Synaptic transmission 3.6.2.2 ( Organisms respond to changed in their internal and external environments 3.6) Flashcards
Describe the structure of a synapse
Pre synaptic neurone :
- axon
- vesicle containing neurotransmitter
- axon terminal
- voltage gated calcium ion channel
• Synaptic cleft
Post synaptic neurone :
- Receptor and sodium ion channel
What are cholinergic synapses
Synapses that use the neurotransmitter acetylcholine (ACh)

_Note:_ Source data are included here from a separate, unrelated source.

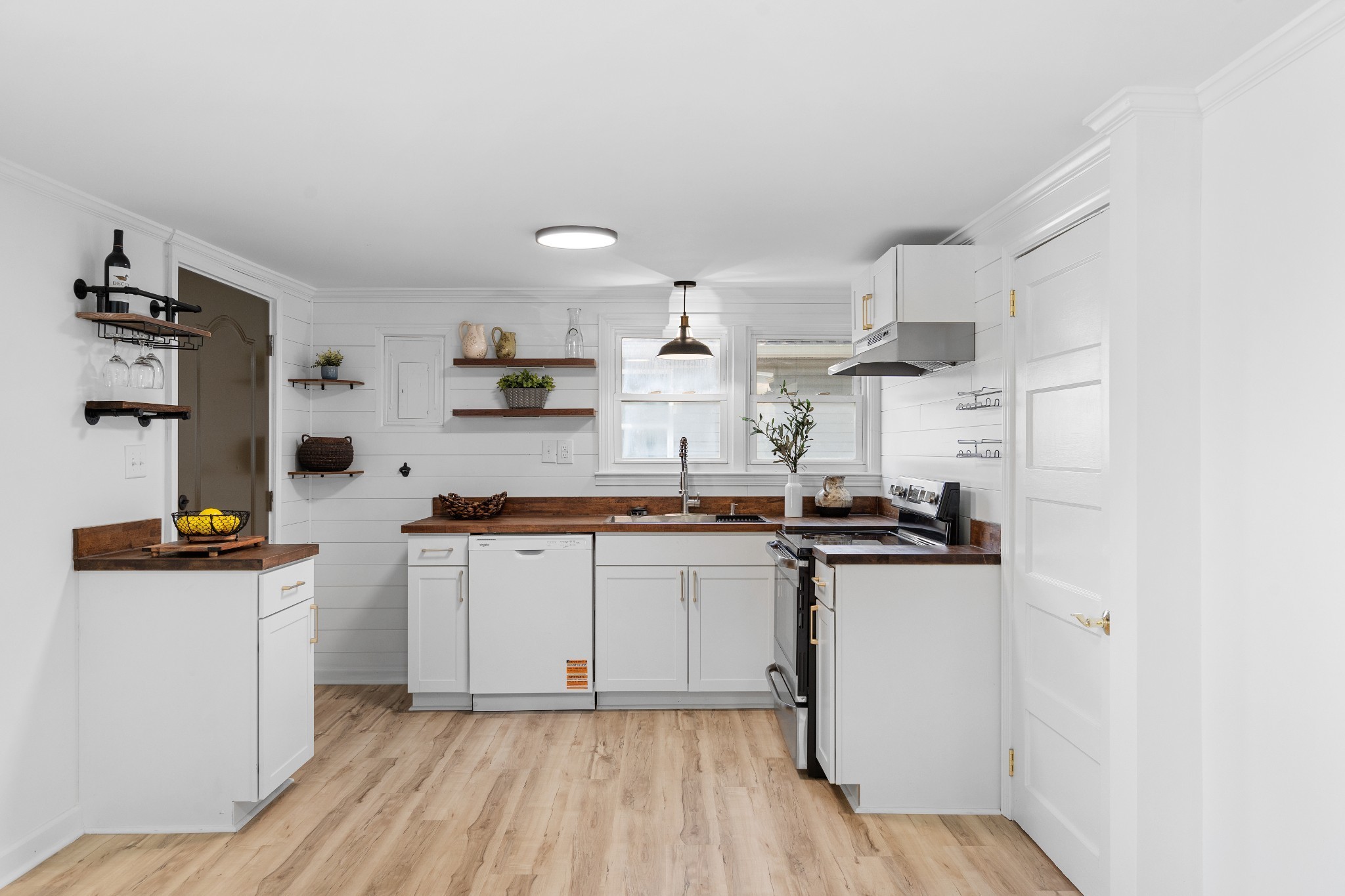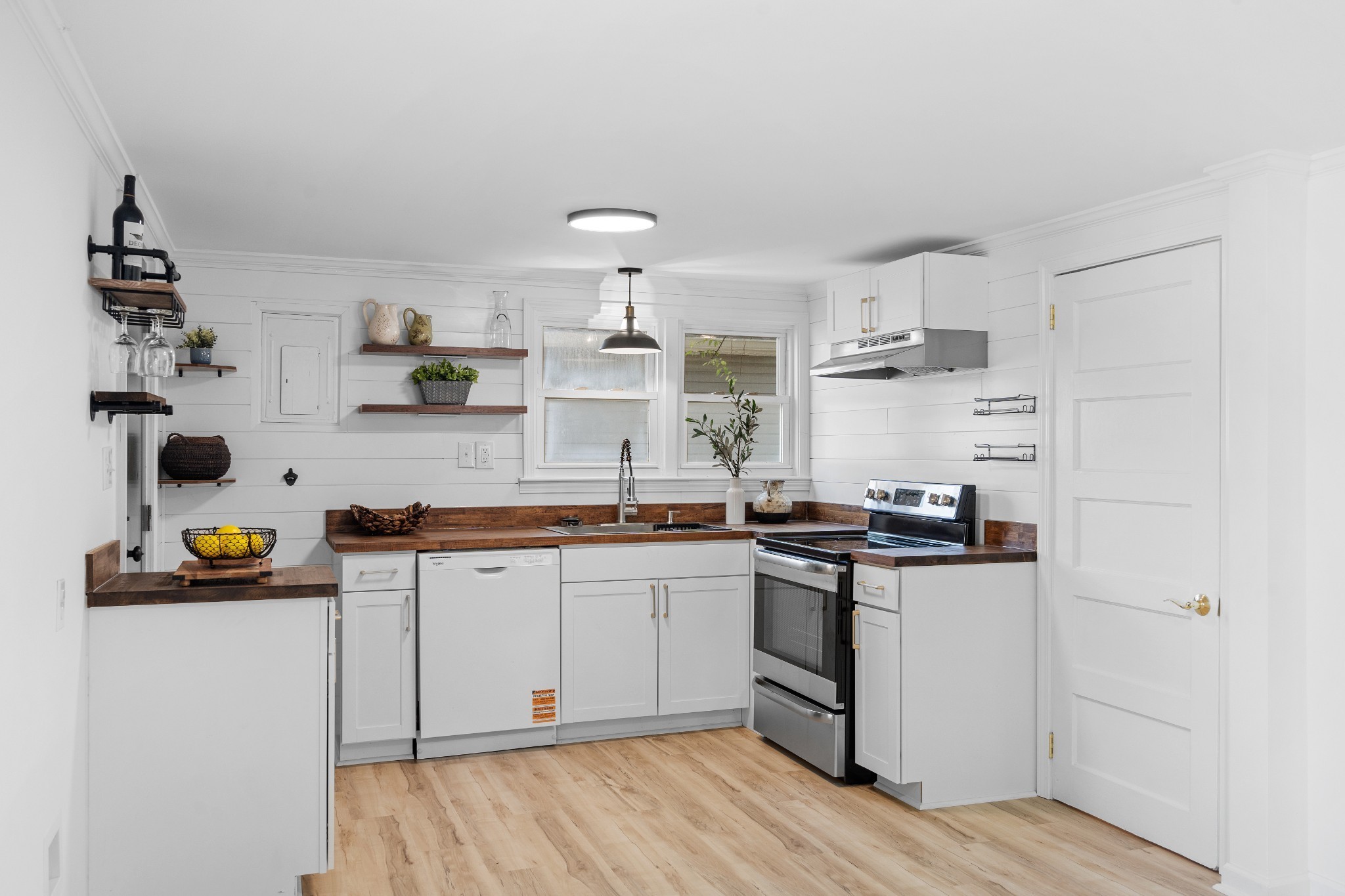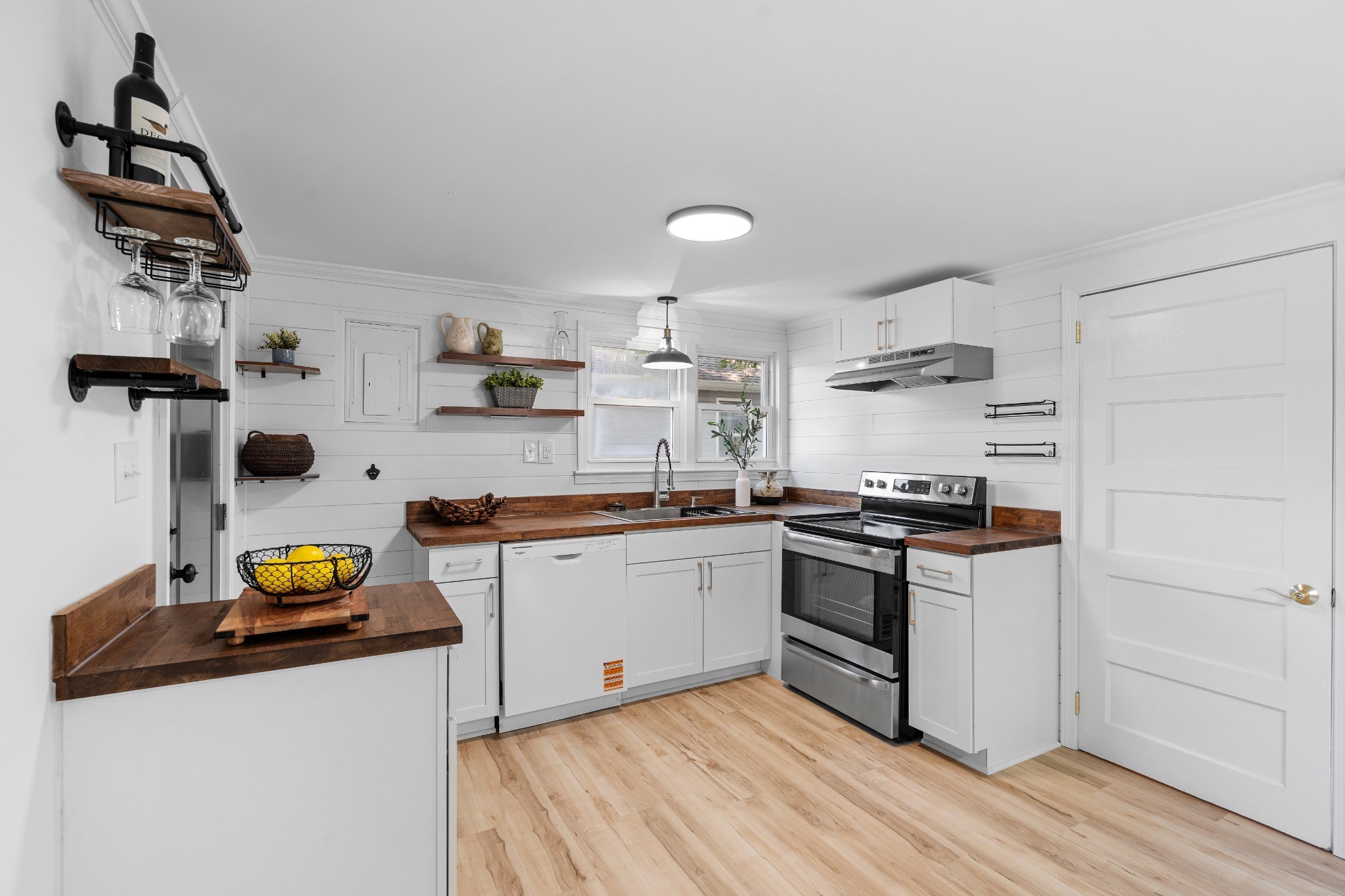 Fully renovated and move-in ready! This home features fresh paint, trim, lighting, LVP and carpet, plus all-new plumbing fixtures. The updated kitchen offers new cabinets, butcher block countertops, stainless appliances, ventless hood, and motion-sensor under-shelf lighting. The bathroom includes a wood-tone vanity with marble top, heated towel rack, and a fully tiled walk-in shower.
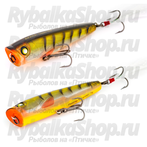 Akara Upper 65F - поверхностный воблер класса поппер. Имеет вытянутое тело и оперение заднего тройника. За счет обтекаемой формы отлично ведет себя на забросе. Классическая выемка в головной части создает громкие звуки и стабильные завихрения в воде. Akara Upper 65F является незаменимой приманкой при облове сложных участков водоема. Основной добычей этого поппера становятся щука и окунь, но не исключена поимка и мирных видов рыб. Плавающий. Поверхностный.
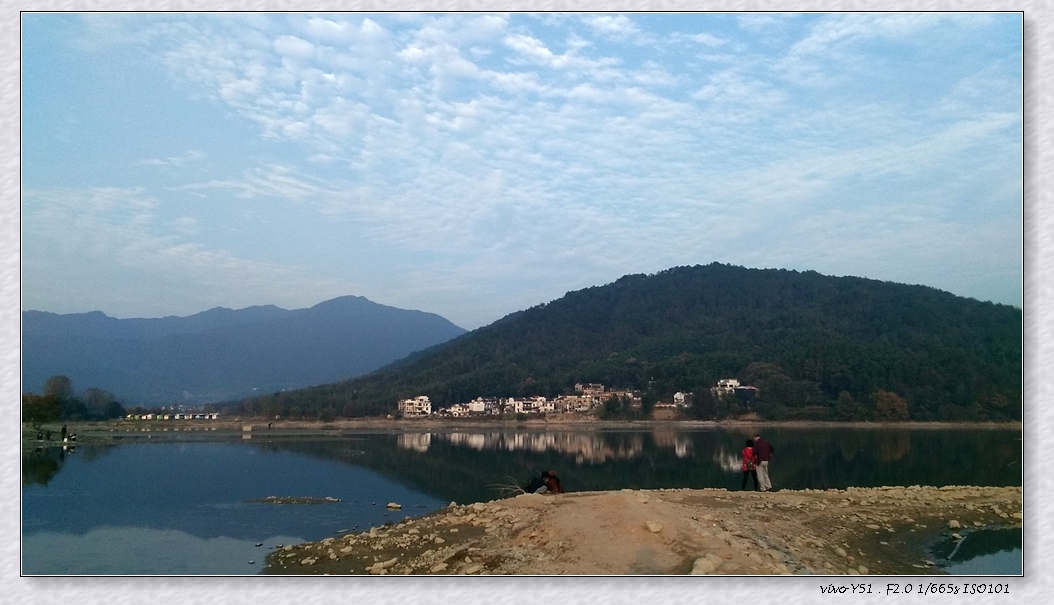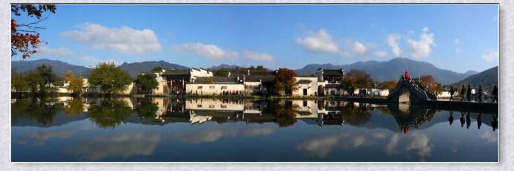 作品介绍:湛蓝的天空,平静的湖面,映射着独具魅力的宏村边缘,镜为进的谐音,意语此地是我第一次进宏村的λ置。

Describe transmission across a cholinergic synapse
At pre-synaptic neurone :
1) depolarisation of presynaptic membrane causes opening of voltage gated Ca2+ channels
• Ca2+ diffuse into presynaptic neurone / knob
2) causing vesicles containing acetylcholine (ACh) to move and fuse with pre synaptic membrane
• releasing ACh into the synaptic cleft
At post - synaptic neurone :
3) ACh diffuses across synaptic cleft to bind to specific receptors on post - synaptic membrane
4) causing Na+ channels to open
• Na+ diffuse into post - synaptic knob causing depolarisation
• If threshold is met , an action potential is initiated
Explain what happens to acetylcholine after synaptic transmission
- it is hydrolysed to acetylcholinesterase
- products are reabsorbed by the presynaptic neurone
- to stop overstimulation - if not removed it would keep binding to receptors , causing depolarisation
Explain how synapse result in unidirectional nerve impulses
- neurotransmitter only made in / released from presynaptic neurone
- receptors only on postsynaptic membrane
explain summation by synapses
- addition of a number of impulses converging on a single post synaptic neurone
- causing rapid build up of neurotransmitter
- so threshold more likely to be reached to generate an action potential
what’s the importance of summation by synapses
low frequency action potentials release insufficient neurotransmitter to exceed threshold
Describe spatial summation
- many presynaptic neurones share one post synaptic neurone
- collectively release sufficient neurotransmitter to reach threshold to trigger an action potential
Describe temporal summation
- one presynaptic neurone releases neurotransmitter many times over a short time
- sufficient neurotransmitter to reach threshold to trigger an action potential
Describe inhibition by inhibitory synapses
- inhibitory neurotransmitters hyperpolarise postsynaptic membrane as :
• Cl- channels open so Cl- diffuse in
• K+ channels open so K+ diffuse out - This means inside of the axon has a more negative charge relative to outside / below resting potential
- So more Na+ required to enter for depolarisation
- reduces likelihood of threshold being met / action potential formation at post synaptic membrane
what is the importance of inhibitory synapses
both excitatory and inhibitory neurone forming synapses with the same postsynaptic membrane gives control of whether it fires an action potential
Describe the structure of a neuromuscular junction
Very similar to a synapse except :
- receptors are on muscle fibre sarcolemma instead of post synaptic membrane and there are more
- muscle fibres form clefts to store enzyme e.g. acetylcholinesterase to break down neurotransmitter
Compare transmission across cholinergic synapses and neuromuscular junctions
In both : transmission is unidirectional
Cholingeric synapse :
- Neurone to neurone
- Neurotransmitters can be excitatory or inhibitory
- action potential may be initiated in postsynaptic neurone
Neuromuscular junction :
- motor neurone to muscle
- always excitatory
- action potential propagates along sarcolemma down T tubules
Use examples to explain the effect of drugs on a synapse
- some drugs stimulate the nervous system , leading to more action potentials e.g
• similar shape to neurotransmitter
• stimulate release of more neurotransmitter
• inhibit enzymes that break down neurotransmitter - na+ continues to enter - Some drugs inhibit the nervous system , leading to fewer action potentials e.g.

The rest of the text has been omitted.